11.3. The Fees are non-refundable.
12.1. CMI may, without prejudice to its other rights and remedies, terminate this Agreement forthwith by written notice to You without incurring liability for such termination if You commit a breach of any material obligation of this Agreement which cannot be remedied or commit a material breach which can be remedied and fail to remedy it within fifteen calendar days of receiving a written notice from CMI requiring it to be remedied.
13. Effect of Termination
13.1. Upon the expiry or termination (for whatever reason) of this Agreement You shall promptly delete all copies of all Licensed Products from all computers and return to CMI all other copies of the Licensed Products.
14.1. The Licensed Products contain know-how and other valuable confidential information (‘Confidential Information’) which is the property of CMI. You shall not disclose, whether directly or indirectly, the Confidential Information to any third party and shall procure that any Licensed User shall be bound by an equivalent confidentiality undertaking.
15. Force Majeure
15.1. Neither party shall be liable to the other if its performance of its obligations under this Agreement (other than on obligation to pay money) is prevented or hindered due to any circumstances outside its control.
16. Entire Agreement
16.1. This Agreement constitutes the complete and exclusive statement with respect to its subject matter and supersedes all proposals, representations, understandings and prior agreements, whether oral or written, and all other communications between the parties relating thereto.
16.2. You have read and understood this Agreement and agree to be bound by its terms and agree to waive any right to damages or other remedy arising from any representation not contained in this Agreement unless such representation was made fraudulently.
17.1. In the event that any provision of this Agreement is declared by any judicial or other competent authority to be void, voidable, illegal or otherwise unenforceable or indications of the same are received by either of the parties from any relevant competent authority, the parties shall amend that provision in such reasonable manner as achieves the intention of the parties without illegality, or failing this such provision may be severed from this Agreement and the remaining provisions of this Agreement shall remain in full force and effect.

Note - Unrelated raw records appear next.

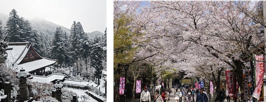 ●西国三十三所最終霊場 谷汲山 華厳寺(たにぐみさん けごんじ)の桜 【見頃:4月上旬~下旬】「谷汲さん」の愛称で親しまれる、西国三十三所巡礼の最終霊場。参道に軒を連ねる土産物屋が賑わいをみせつつも、雪の降る冬は静かに参拝できる厳かな雰囲気が感じられます。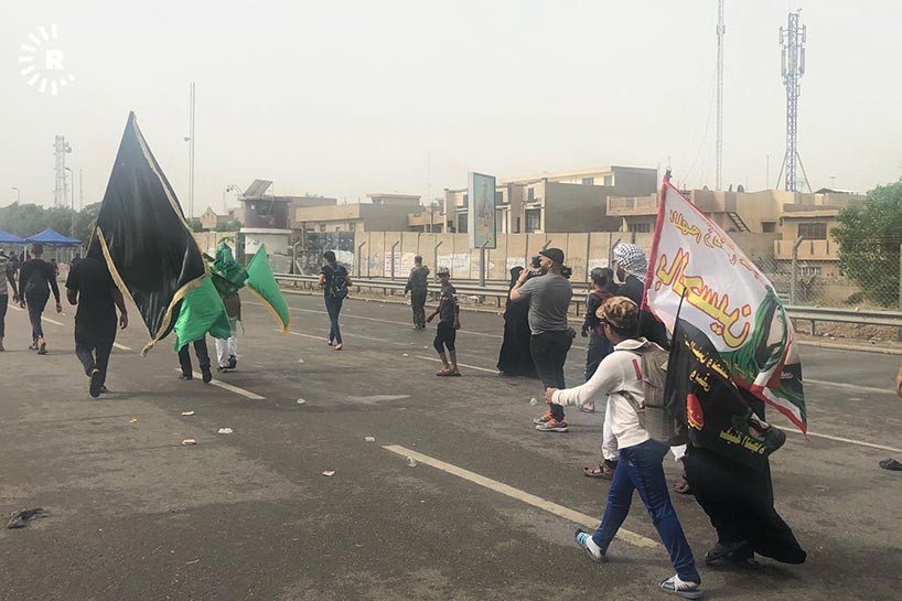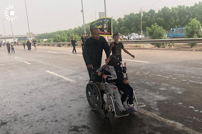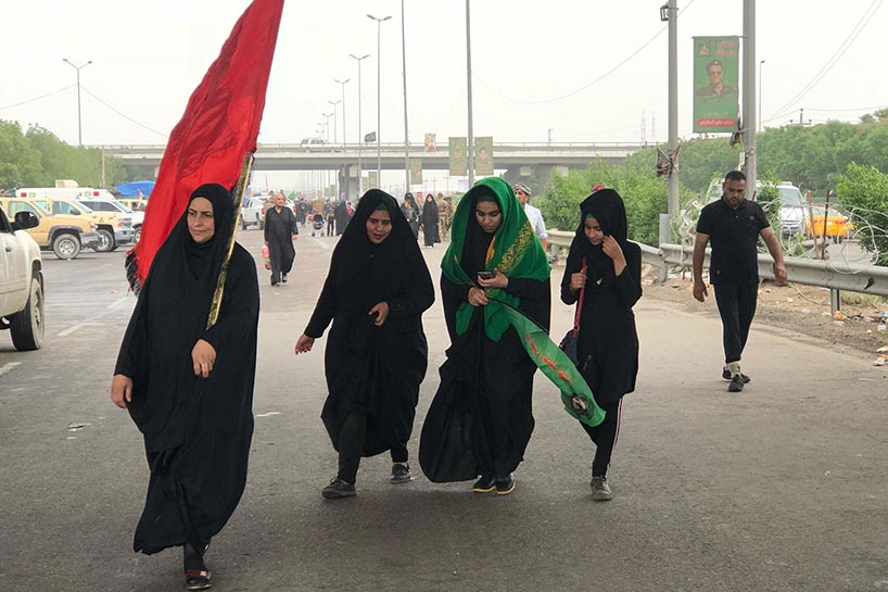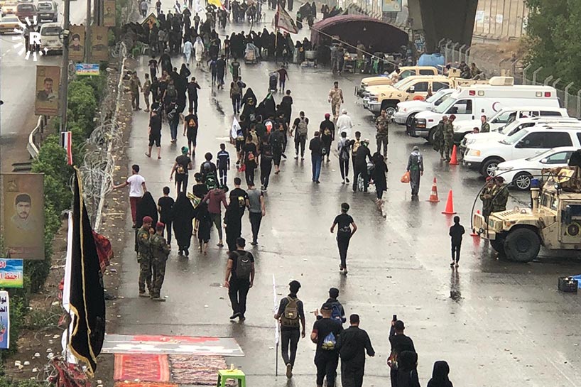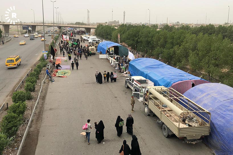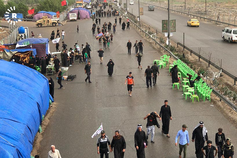 رێگای بەغدا کەربەلا پڕبووە لە دەیان هەزار زیارەتکار کە بەپێ لە بەغداوە بەرەو کەربەلا رێدەکەن بۆ ئەوەی بەشداری لە چلەی ماتەمینی ئیمام حوسێن بکەن لە شەوی دووشەممەی داهاتوودا.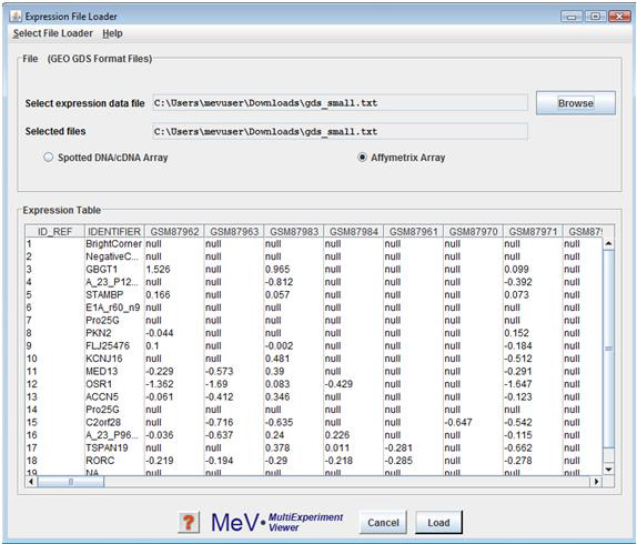GEO GDS format file can be loaded using the button in the File panel. Select to indicate the data-type of the loaded expression data.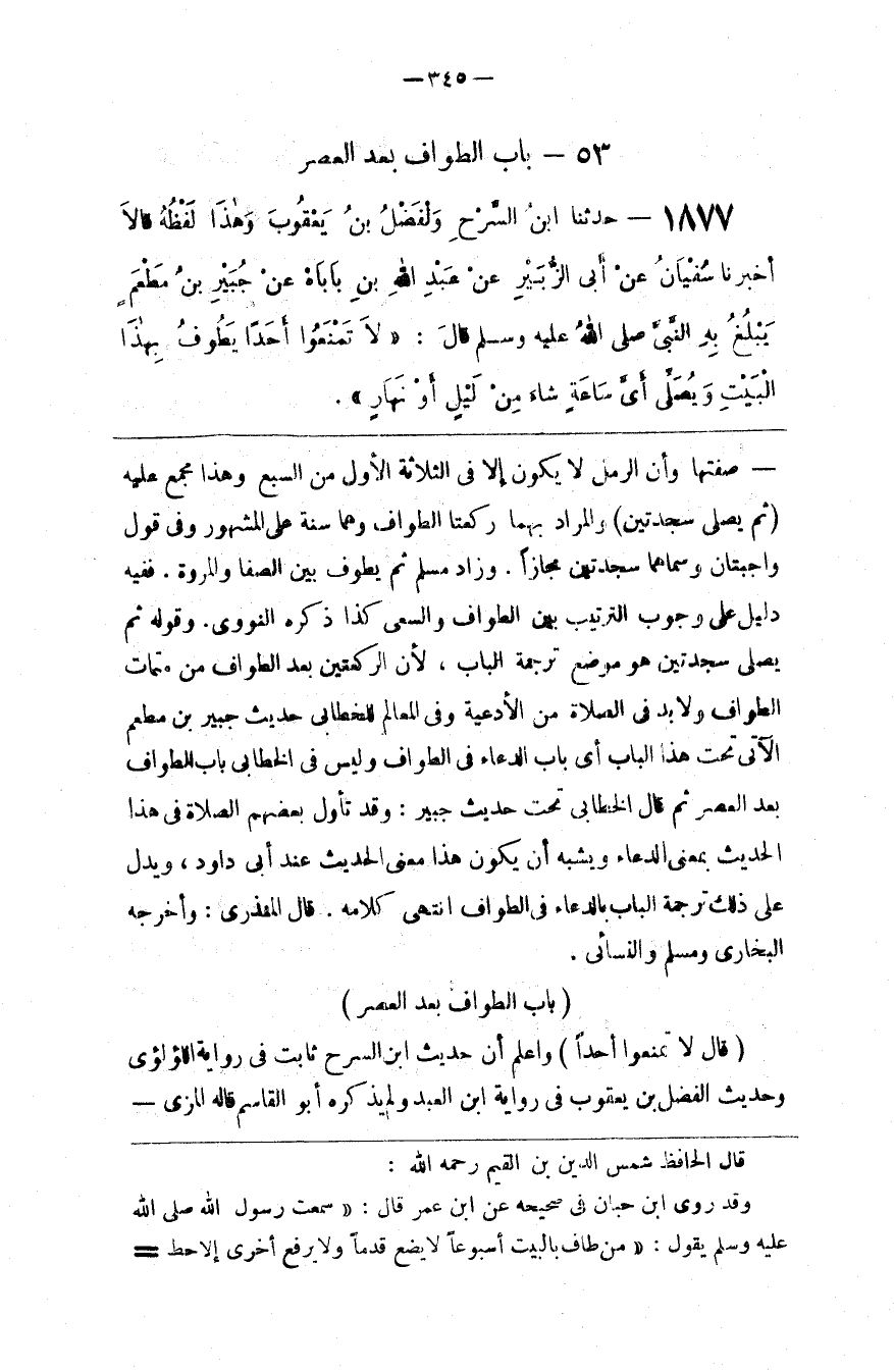 قال الحافظ شمس الدين بن القيم رحمه الله وقد روى ابن حبان في صحيحه عن ابن عمر قال سمعت رسول الله صلى الله عليه و سلم يقول من طاف بالبيت أسبوعا لا يضع قدما ولا يرفع أخرى إلا حط

18.1. No delay or failure of either party in enforcing against the other party any right under this Agreement and no partial exercise by either party of any right hereunder shall be deemed to be a waiver of any right of that party under this Agreement.
19.1. No variation or amendment to this Agreement shall be effective unless in writing signed by authorised representatives of the parties.
20.1. The licence granted under this Agreement is personal to You and You shall not assign or part with any interest in it or grant any right under it to any third party. CMI may, on notice to You, assign its rights and obligations under this Agreement to any person.
20.2. This Agreement is binding upon and ensures for the benefit of the parties' permitted assigns and successors in title.
21.1. Any notice to be served on either of the parties by the other shall be sent by pre-paid recorded delivery or registered post or by fax or by electronic mail and shall be deemed to have been received by the addressee within 72 hours of posting or 24 hours if sent by facsimile transmission or by electronic mail to the correct facsimile number (with correct answerback) or correct electronic mail number of the addressee.
22. Law and Disputes
22.1. This Agreement is governed by and is to be interpreted in accordance with English law. You irrevocably submit to the exclusive jurisdiction of the English courts.